Proponents of WAR will spend a good bit of time between now and mid-November arguing for the efficacy of those ancillary measures, which appear to propel Trout into a level of achievement virtually beyond the realm of understanding. We suspect, however, that the voting will look a good bit like what the numbers in the AL Ptolemaic MVP race are currently displaying.

It will be close--despite any separation in WAR claimed by its proponents on the basis of other aspects of the game (aspects that have been dubiously quantified). Anyone who expects Mike Trout to win the MVP in a runaway from Cabrera is smoking something that has more than mere medicinal value.

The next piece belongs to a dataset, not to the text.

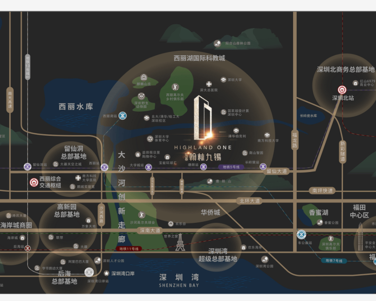 留仙大道正席,紧邻地铁5号线塘朗站,4/5/7号线3轨环绕,毗邻“三纵五横”主干道,瞬息通达全城。西丽高铁站(建设中)、深圳北站两大枢纽环绕,拥有世界交通能级。

We're not quite satisfied with the way the Ptolemaic MVP is deployed, and some amount of thought will be applied to it over the off-season. We'll post periodically on it over the off-season, and we'll follow through with the final totals early next month, along with a few other variations on it that may prove to be of some interest, particularly to those with a penchant for "shape" as well as "value."